By giving birth to the Giver of Life, O Virgin, thou didst rescue Adam from sin, and thou didst grant Eve joy instead of sorrow; for the God and Man Who was incarnate of thee guided back to life them that had fallen away therefrom.
Alleluia, Alleluia, Alleluia. Glory to Thee, O God. (3x)
[The full text is here].
“The Spirit of truth who leads us into all truth” (John 16) spoke through the prayers and worship of the church, granting us an interpretive guide to understanding Christ "according to the Scriptures" far deeper and richer than what legally-trained theologians could conceive in their studies or what I can discern as an individual—“just me and my Bible” (as if we weren’t immersed in modernist Western assumptions). Even the old English above is less a sign of ‘deadness’ and more a reminder that our gospel is ancient, received and poetic, rather than rationalist data set as dogma. We pray it and sing it and remember it in the echoes of the cloud of witnesses in whose presence we stand.
P.S. A Note on Caricatures
I would urge careful Reformed theologians who regard these critiques as caricatures to refocus their efforts on correcting those who perpetuate the dominant aberrations, rather than denying that they do so.

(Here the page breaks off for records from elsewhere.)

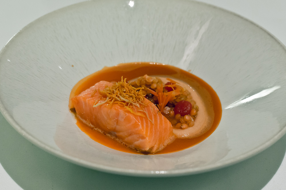 Saibling – Süsskartoffel Dashi, Piment d’Espelette, Rote Linsen (10/10)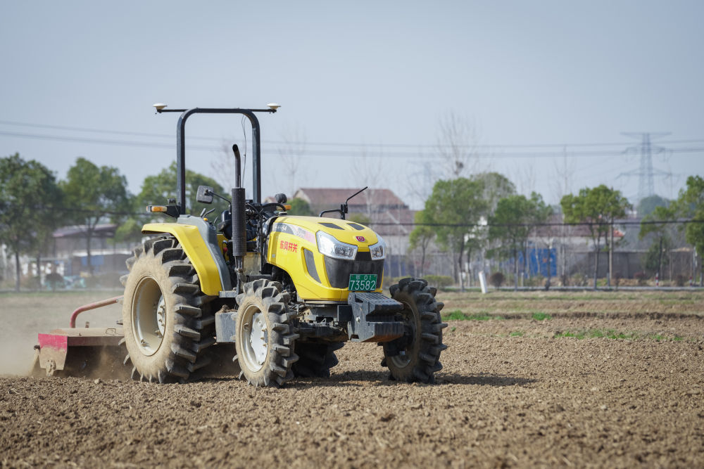 2023年3月15日,在湖北省武漢市黃陂區(qū)胡港灣村,武漢永旺農(nóng)產(chǎn)品專業(yè)合作社的無人駕駛旋耕機(jī)在運(yùn)作。 新華社記者 伍志尊 攝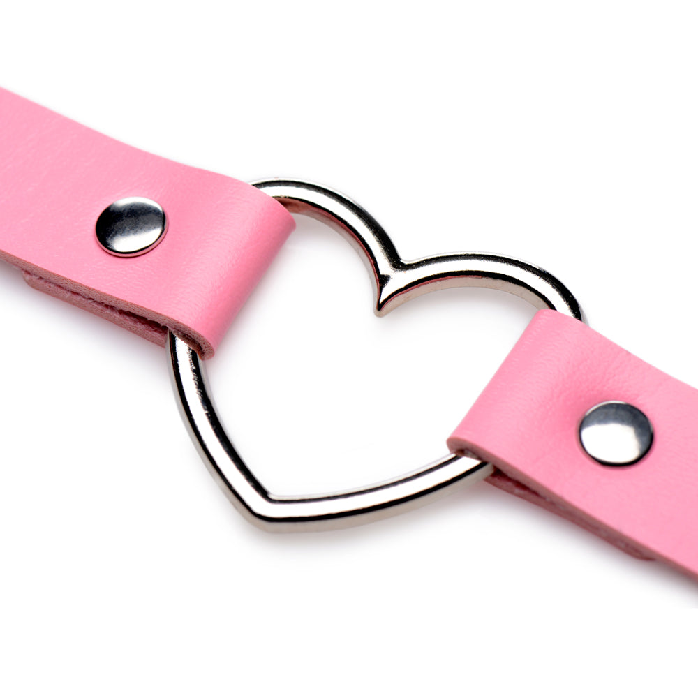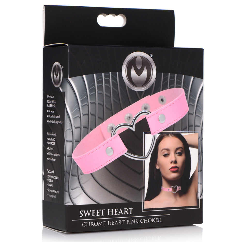 Show off your sweet and submissive side with the Master Series™ Chrome Heart Choker!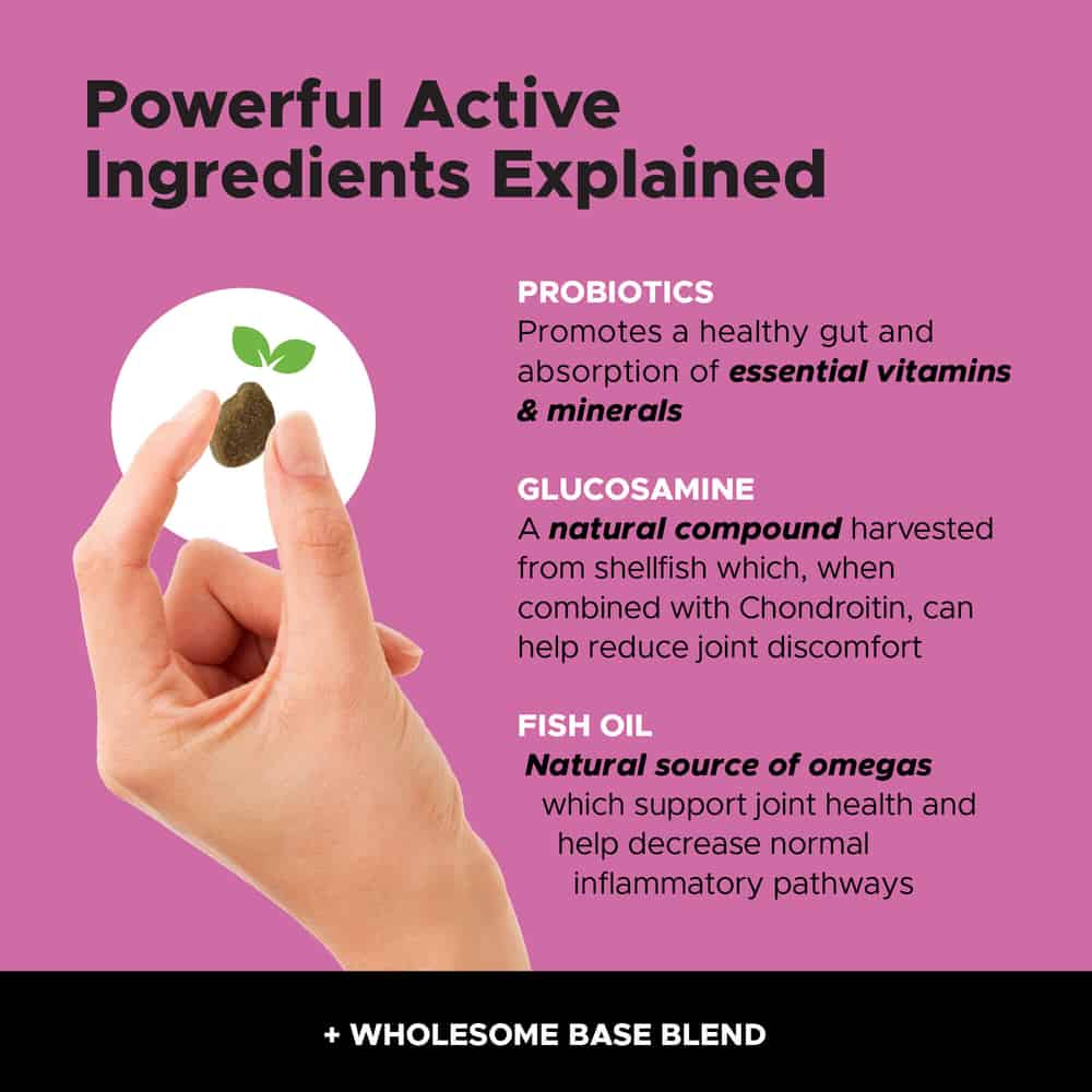 | Ingredients: Glucosamine HCl, Omega-3 Fish Oil, Multifunction Blend - Vitamin A, Vitamin D3, Niacin, d-Alpha tocopherol acetate (Vitamin E), Thiamin (B1), Pantothenic Acid, Pyridoxine (B6), Riboflavin (B2), Folic Acid, Biotin, Vitamin B-12), Chondroitin Sulfate, Vitamin C (Stay-C®), Balanced Kollagen® (Eggshell Membrane), Manganese Proteinate, Zinc Proteinate, Bacillus Coagulans, Bacillus Subtilis, Lactobacillus acidophilus, Lactococcus lactis, Lactobacillus plantarum, Lactobacillus fermentum, Lactobacillus brevis, Carrot, Coconut Glycerin, Flaxseed, Mixed Tocopherols, Natural Chicken Flavor, Natural Flavor (from Oregano, Plums, Flaxseed), Oat Flour, Palm Fruit Oil, Powdered Cellulose, Pumpkin, Rosemary Extract, Sunflower Lecithin, Sweet Potato | |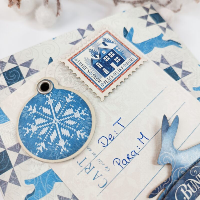 TIP: use the die cut ephemera assortment, the chipboards and cards to embellish your envelope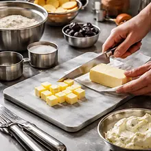 Prepare the ingredients: take the butter out of the fridge and cut it into small cubes (about 1 cm). Sift the flour into a large bowl, add the sugar and salt. Add the cold, diced butter. Using a knife or a pastry blender, work the butter into the flour until the mixture resembles coarse crumbs (the butter cubes should be visible). Crack in the egg and quickly knead the dough — you can use a wooden spoon and then finish by hand; knead briefly, just until the ingredients come together and the dough forms a cohesive ball. If the dough is too dry, add 1 tablespoon of cold water (15 ml). Shape into a flat disk, wrap in plastic wrap, and chill in the fridge for at least 45-60 minutes.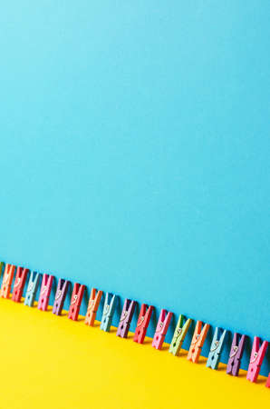 Laundry clips leaning over blue and yellow background

Yes, it is all truly difficult to understand, it seemed to me that Jesus died on the cross to prove that the soul was eternal by coming back in three days,
this opened the door to salvation by our embracing of Gods commandments and not acquiring any more karma so that we do not have to return for another life,
as we sow what we reap the balance is maintained, Jesus is just another of God's Avatars just like Krishna to teach humanity,
rather than trying to read into or decipher what was meant, we should pay attention to what happened and take that as it was,
the duality of the material and the spiritual must be realized, our 3-dimensional existences are just the training grounds for our souls and until we know this we will continue to return and learn.
Posted by: Lance | June 30, 2020 at 03:42 PM
The entire Old Testament is full of examples of sacrifices that were “required”y God because God said so. Jesus said He willingly gave up His life, voluntarily. The idea of Christ as a once and for all sacrifice, is not in a vacuum. Although I can appreciate your desire to protect against heresy, I don’t see (unless I’m missing something) a biblical alternative being presented here (at least in this post). To me this is another attempt to retract from any image of a potentially violent God, than an actual exegetical response to a strong biblical theme of sacrifice as a necessity. Bless you and I appreciate any responses you may be able to provide.